**PROVIDED DATA**
━━━━━━

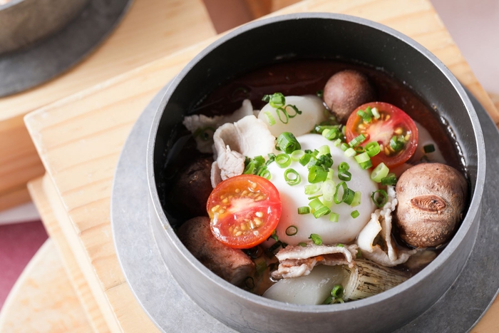 愛知県産金鯱しいたけとプチトマトのスンドゥブチゲ(イタリア×韓国)
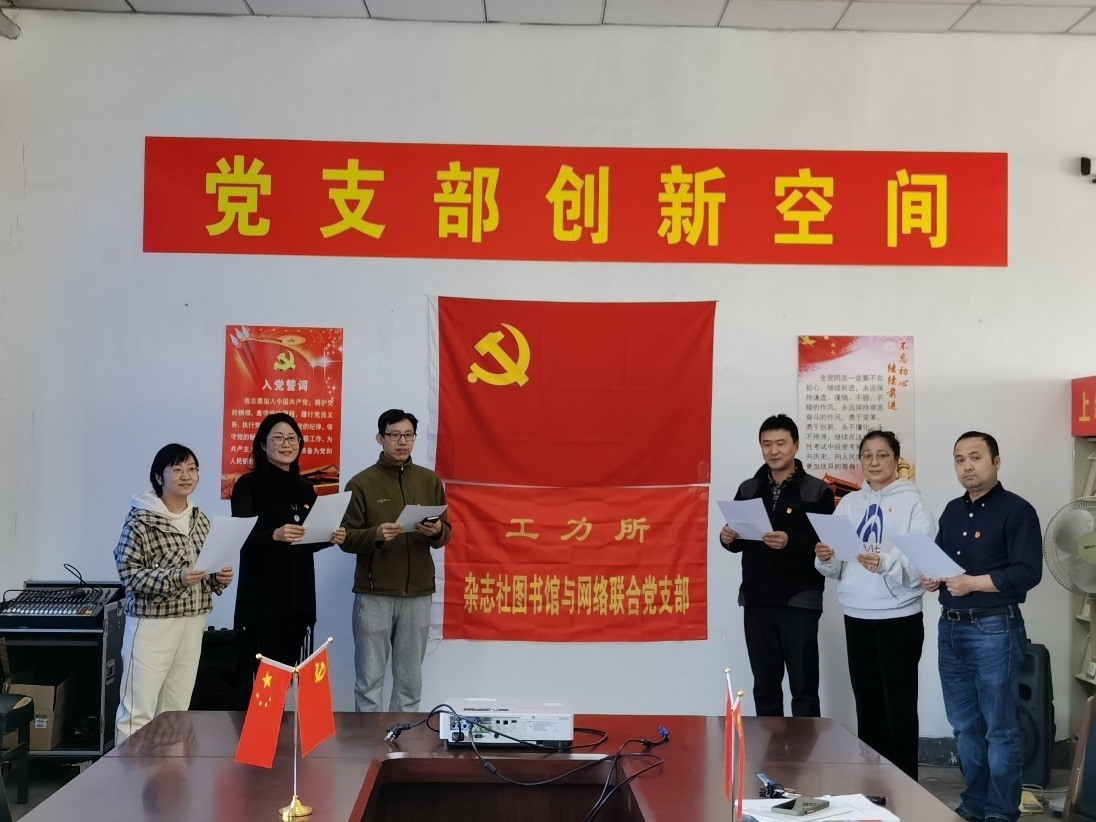2021年4月9日,雜志社圖書館黨支部全體黨員懷著無比崇敬的心情在黨支部創新空間舉行以“重溫入黨誓詞、革命英烈詩詞”為主題的詩歌朗讀會。首先,黨支部書記帶領大家重溫入黨誓詞。隨后,黨員同志們飽含深情地朗誦了《滿江紅》《西江月》《真理詩》《我的自白書》《革命烈士詩歌》《把牢底座穿》,他們或激昂慷慨,或輕柔低吟,懷著滿腔愛國愛黨熱忱朗誦了一首首經典革命詩歌。整個朗誦會肅然有序,激情飛揚。
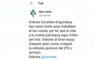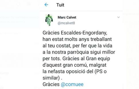 Calvet iniciava la piulada donant les “gràcies” a Escaldes i recordant que “han estat molts anys treballant al teu costat, per fer que la vida a la nostra parròquia sigui millor per a tots” i estenia l’agraïment també al “gran equip d’aquest gran comú”. Aquí és on relliscava, ja que va afegir “malgrat la nefasta oposició del (PS o similar)”.
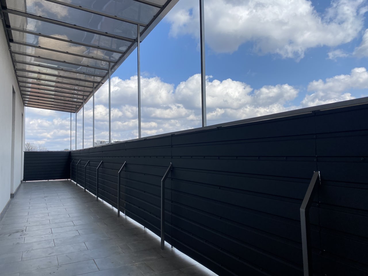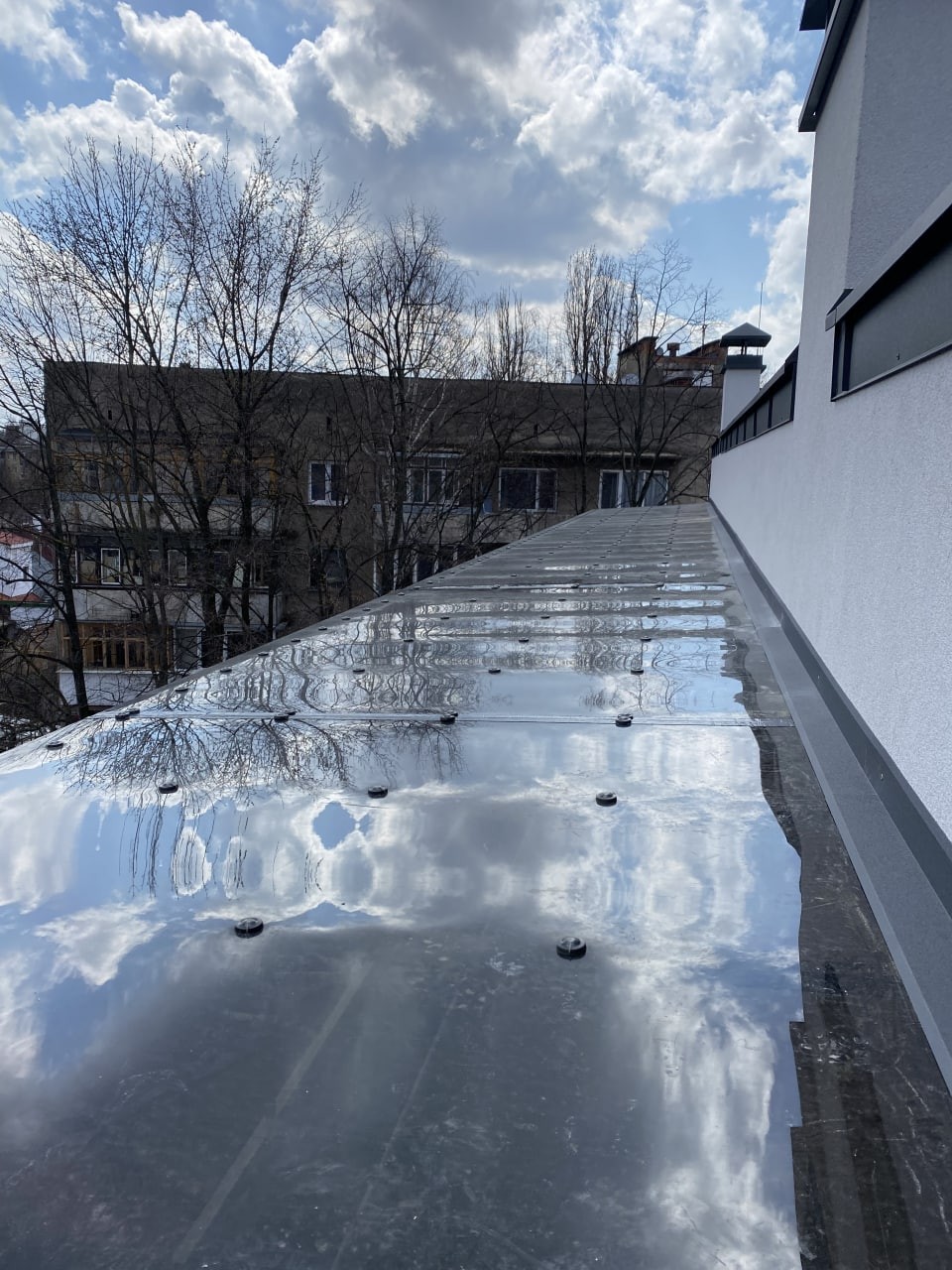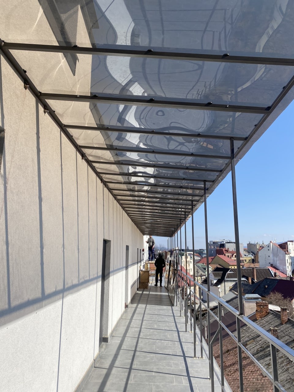Козирек або навіс виготовлений в основі рами з металу , пофарованої в темно сірий колір , на опорах до перил . Верх навіса зашитий монолітним полікарбонатом в темно сірому відтінку, який не бьється градом, має дуже хороші експлутаційні властивості і виглядає як скло. Ця вся конструкція виготовлена нашою компанією і професійно встановлена з врахуванням всіх ньюансів, наприклад полікарбонат має властивості розширюватись під час перепаду температур, і тому треба правильно його втсановити щоб потім не було проблем.
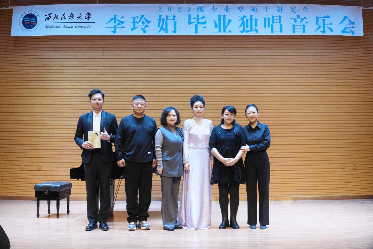 2025年10月5日下午2点,2023级专业型硕士研究生李玲娟成功举办毕业独唱音乐会。 参加本场音乐会的评委老师有张鹏远老师、马睿老师、王茜燕老师。整场音乐会历时一个小时,共演唱了《亲切的平静》《小蝴蝶》《溜溜的竹排溜溜的漂》《雷火中的笑容》等十二首作品,其中外国作品三首,必唱曲目两首,论文曲目一首,近现代创作歌曲三首,地方民歌三首。 本场音乐会艺术指导由王艳丽老师担任,主持人郭璇。
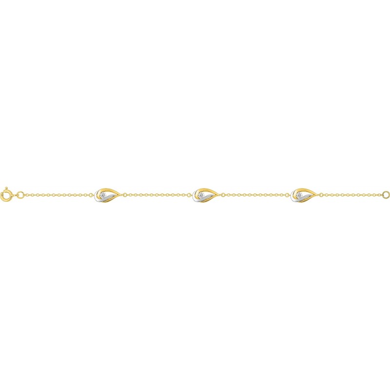 Bracelet en plaque or serti clos d'oxydes de zirconium. Fermoir mousqueton. Longueur ajustable à 17cm et 18cm.
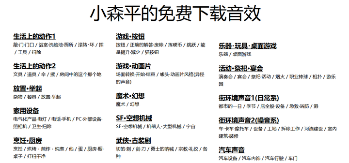 同样是站长自制的一些音效素材,可以免费用于各种公开渠道的自媒体,也有一些魔术、动画、汽车、活动、按钮和游戏相关的音频下载,主页的分类非常明确,各位同学根据自己的需要进行选择即可,以下截图只是其中一部分。
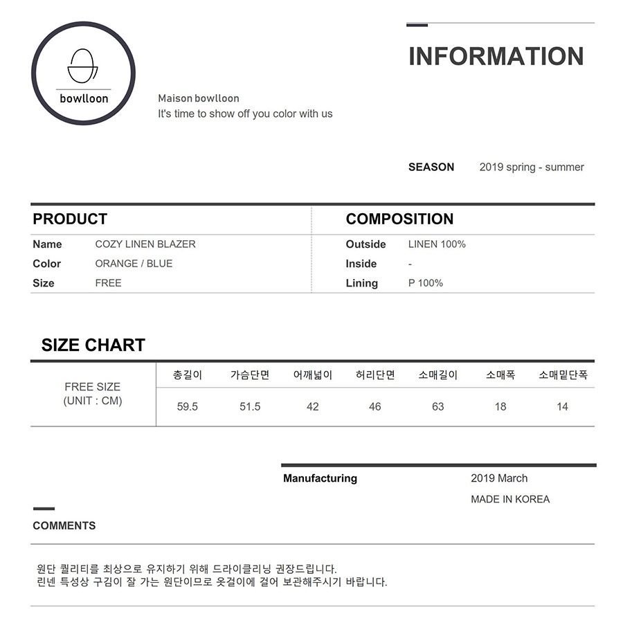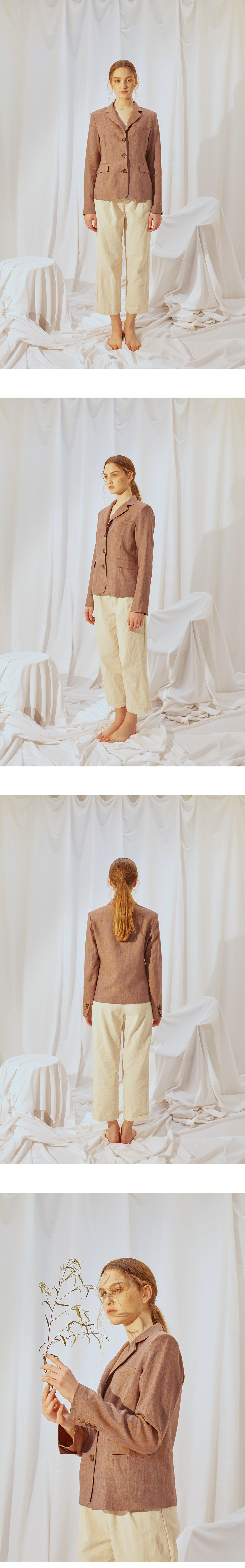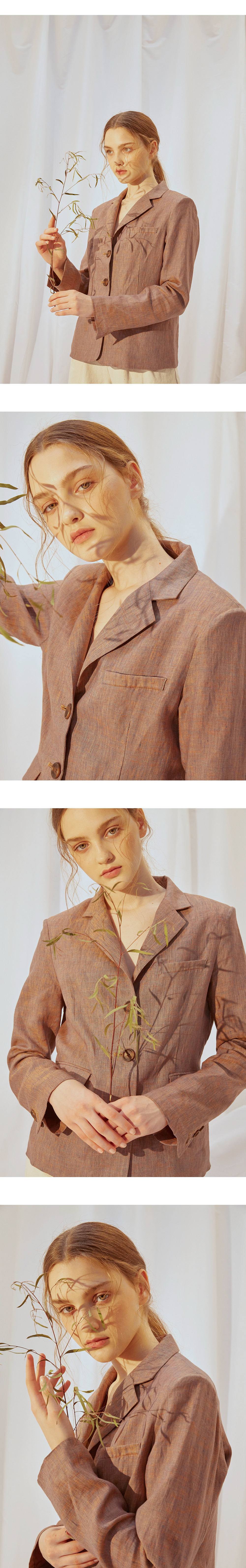 고급 린넨으로 제작된 가벼운 기장감의 블레이저입니다.
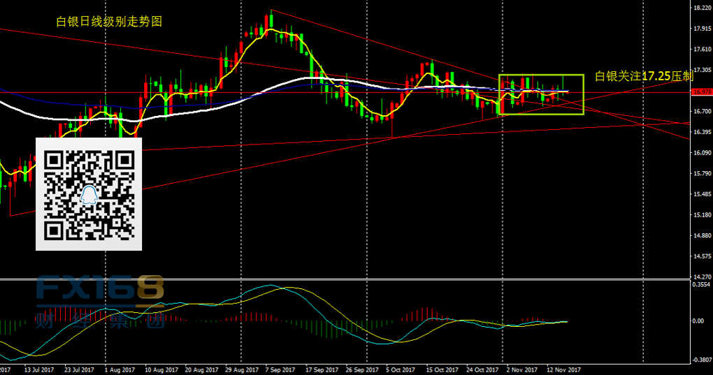 白银:昨日白银再度收出十字阴线,价格上探17.25后回落,目前交投于17关口附近。目前白银多头与空头力量势均力敌,方向不明,上方压制17.25,下方支撑16.85,操作上,建议暂时观望。
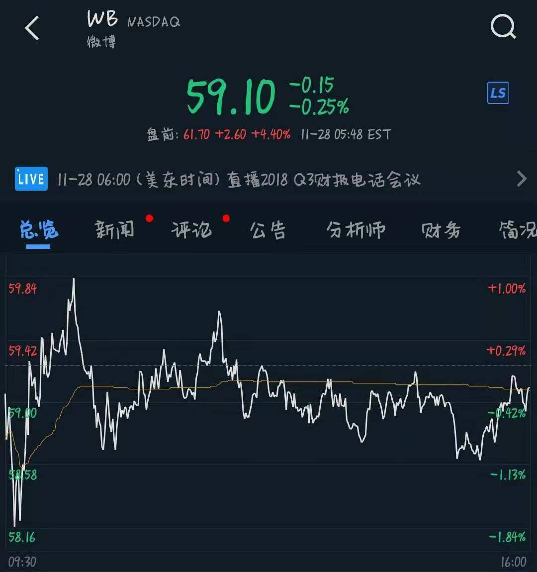 截至发稿,微博盘前股价为61.70美元,涨4.40%。

━━━━━━

Drop the images and return the data verbatim.

**SOLUTION TO THIS TASK**
 愛知県産金鯱しいたけとプチトマトのスンドゥブチゲ(イタリア×韓国)
2021年4月9日,雜志社圖書館黨支部全體黨員懷著無比崇敬的心情在黨支部創新空間舉行以“重溫入黨誓詞、革命英烈詩詞”為主題的詩歌朗讀會。首先,黨支部書記帶領大家重溫入黨誓詞。隨后,黨員同志們飽含深情地朗誦了《滿江紅》《西江月》《真理詩》《我的自白書》《革命烈士詩歌》《把牢底座穿》,他們或激昂慷慨,或輕柔低吟,懷著滿腔愛國愛黨熱忱朗誦了一首首經典革命詩歌。整個朗誦會肅然有序,激情飛揚。
 Calvet iniciava la piulada donant les “gràcies” a Escaldes i recordant que “han estat molts anys treballant al teu costat, per fer que la vida a la nostra parròquia sigui millor per a tots” i estenia l’agraïment també al “gran equip d’aquest gran comú”. Aquí és on relliscava, ja que va afegir “malgrat la nefasta oposició del (PS o similar)”.
Козирек або навіс виготовлений в основі рами з металу , пофарованої в темно сірий колір , на опорах до перил . Верх навіса зашитий монолітним полікарбонатом в темно сірому відтінку, який не бьється градом, має дуже хороші експлутаційні властивості і виглядає як скло. Ця вся конструкція виготовлена нашою компанією і професійно встановлена з врахуванням всіх ньюансів, наприклад полікарбонат має властивості розширюватись під час перепаду температур, і тому треба правильно його втсановити щоб потім не було проблем.
 2025年10月5日下午2点,2023级专业型硕士研究生李玲娟成功举办毕业独唱音乐会。 参加本场音乐会的评委老师有张鹏远老师、马睿老师、王茜燕老师。整场音乐会历时一个小时,共演唱了《亲切的平静》《小蝴蝶》《溜溜的竹排溜溜的漂》《雷火中的笑容》等十二首作品,其中外国作品三首,必唱曲目两首,论文曲目一首,近现代创作歌曲三首,地方民歌三首。 本场音乐会艺术指导由王艳丽老师担任,主持人郭璇。
 Bracelet en plaque or serti clos d'oxydes de zirconium. Fermoir mousqueton. Longueur ajustable à 17cm et 18cm.
 同样是站长自制的一些音效素材,可以免费用于各种公开渠道的自媒体,也有一些魔术、动画、汽车、活动、按钮和游戏相关的音频下载,主页的分类非常明确,各位同学根据自己的需要进行选择即可,以下截图只是其中一部分。
 고급 린넨으로 제작된 가벼운 기장감의 블레이저입니다.
 白银:昨日白银再度收出十字阴线,价格上探17.25后回落,目前交投于17关口附近。目前白银多头与空头力量势均力敌,方向不明,上方压制17.25,下方支撑16.85,操作上,建议暂时观望。
 截至发稿,微博盘前股价为61.70美元,涨4.40%。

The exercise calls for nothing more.